Gilkey International Middle School in Portland, Oregon, recently underwent a transformation to enhance its learning spaces, foster a stronger connection with its natural surroundings, and allow for greater social development of its students. Photos courtesy Bruce Damonte

Gilkey International Middle School in Portland, Oregon, recently underwent a transformation to enhance its learning spaces, foster a stronger connection with its natural surroundings, and allow for greater social development of its students.

Portland-based studio Hacker Architects was responsible for the architecture and interiors, while PLACE provided landscape architecture services. Standridge, Inc. served as the civil engineer, Madden & Baughman Engineering, Inc. was the structural engineer, and PAE was the mechanical, electrical, and plumbing (MEP) engineer.

The project client, French American International School (FAIS), began thinking about how to replace their 20-year-old modular structures with permanent buildings, designed to optimize social independence for middle school students and enhance their learning. At the time, the students were taught in scattered buildings with outdoor circulation in a rainy climate, with no dry, tempered social spaces for gathering, informal learning, or independent student discovery. This led FAIS to choose the new middle school as their first prioritized project.

A view of the school’s front facade.

FAIS set bold goals for sustainability and resilience for the school and the rest of the campus. Its multilingual and internationally focused curriculum aims to prepare the next generation of global leaders and creative thinkers. It has also been strongly influenced by the adjacent forest and the abundance of hands-on learning opportunities in the habitats, ecosystems, and life cycles students can observe there.

The design solution took inspiration from the nurse logs downslope of the site, whose decomposing masses serve as a nutritive substrate for a diversity of seedlings native to the forest. Hacker’s vision for the 2462-m2 (26,500-sf) project emerged out of this environment—to create a habitat for middle schoolers which would feed their hearts, minds, and bodies; encourage them to work in collaboration with their teachers; and challenge them to find their own inspiration and independence.
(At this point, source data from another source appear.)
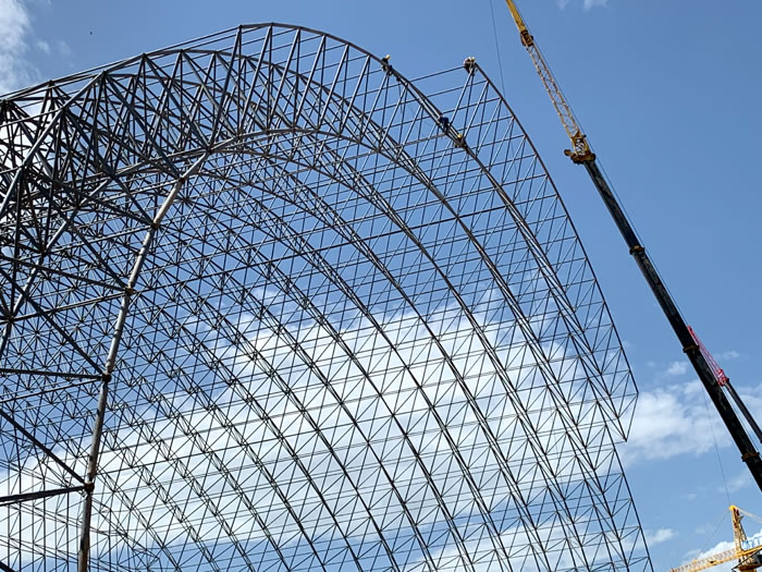 (2)网架加工前应对现场尺寸进行复测,确认无误后方可进行加工、安装;网架制作、运输、安装应遵守《空间网格结构技术规程》JGJ7-2010、《钢网架南康螺栓球节点》JG/T 10-2009、《钢网架南康螺栓球节点用高强度螺栓》 GB/T 16939-2016、《南康钢结构南康工程南康施工规范》 GB50755-2012、《南康钢结构南康工程南康施工质量验收标准》 GB50205-2020。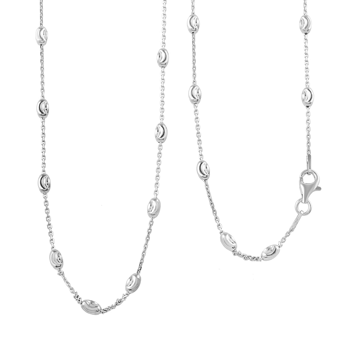 Sterling Silver 3mm Station Oval Moon Diamond Cut Chain Necklace (36 Inches) (7.90 g)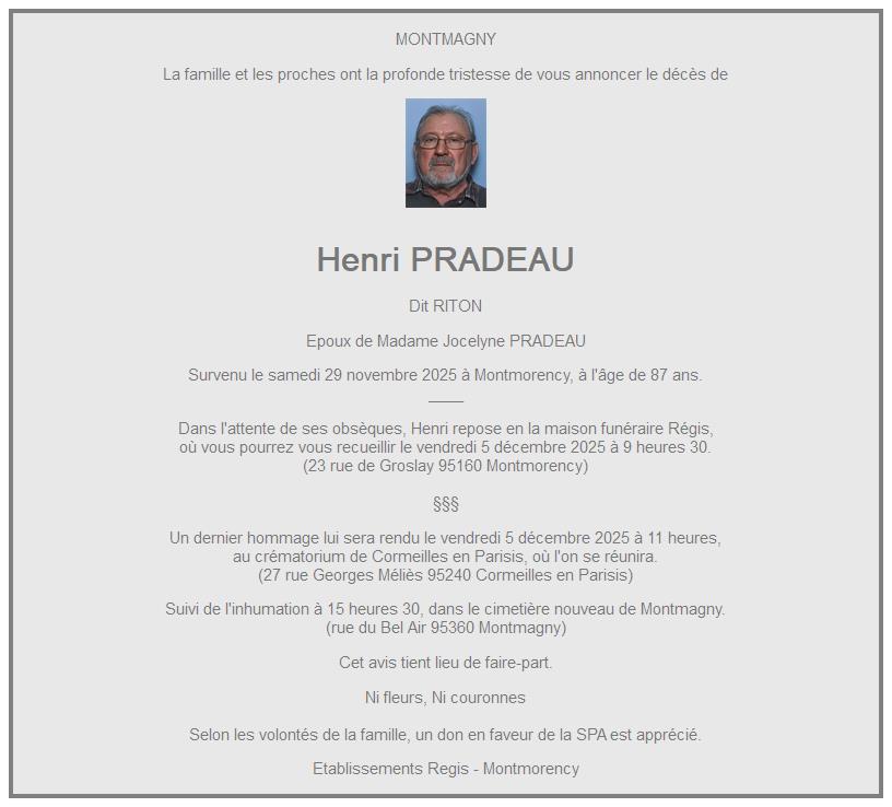 Décédé à Montmorency (95160) le samedi 29 novembre 2025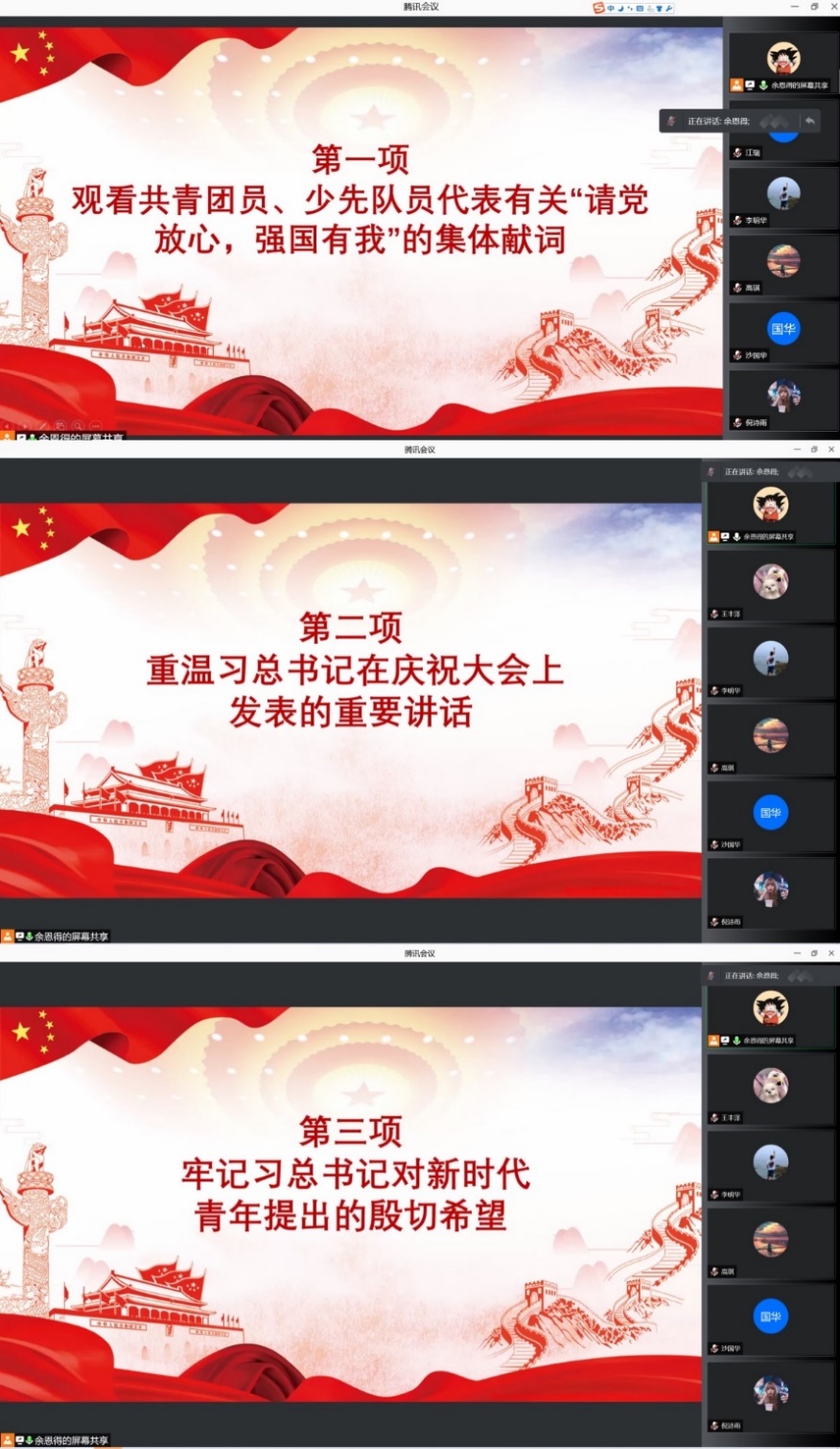 会议第一项,支部成员共同观看共青团员和少先队员代表集体致献词视频。在庆祝中国共产党成立100周年大会上,共青团员和少先队员代表四次高喊“请党放心,强国有我”,在献词中回望中国共产党的百年历史,感悟着党的初心和使命,面向天安门城楼,对党许下青春的誓言——新的百年,听党话、感党恩、跟党走。为实现第二个百年奋斗目标、实现中华民族伟大复兴的中国梦,为共产主义事业奋斗,时刻准备着。
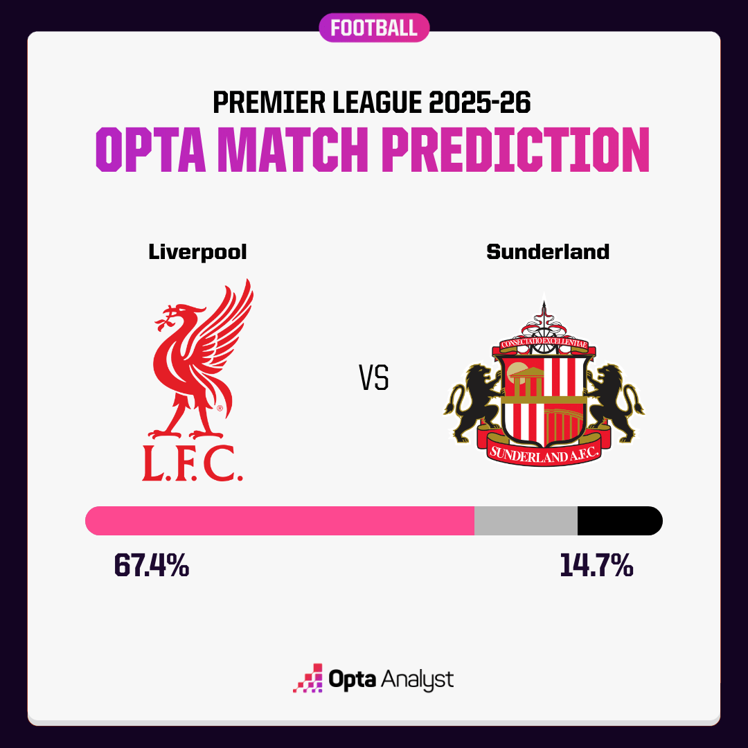 所以,在Opta的预测中,即便利物浦赛季状态不佳而桑德兰表现优异,其实更多的支持还是给了主队--利物浦胜,67.4%;桑德兰胜,14.7;双方平局,17.9%。

The design concept clusters the program spaces to create “cabins in the woods,” another element inspired by the forest setting. It consists of 14 classrooms, five teacher pods, and administration offices. Each cabin’s interior and exterior walls are clad in wood, bringing the forest through the building and blurring the lines between inside and out. The cabins are organized in a boomerang shape, which follows the site’s topography, then unites under a roof with a sculptural form framing the view of the forest beyond. The space between the cabins is defined by large operable windows, visually and audibly connecting inhabitants to the forest and to the community activity.

A view of the school’s interior where wood is the predominant material in the roof and covered social spaces along the corridor create space for social independence and connectedness of middle schoolers.

A single-loaded corridor provides informal social learning, along with the Hub, a central two-story gathering space anchoring the entry sequence and promoting wayfinding throughout the building’s form. This configuration provides ample daylight and a connection to the landscape, while simultaneously allowing cross-ventilation to occur naturally.

The project is compliant with AIA 2030 guidelines, as well as the Energy Trust of Oregon’s Path to Net Zero program.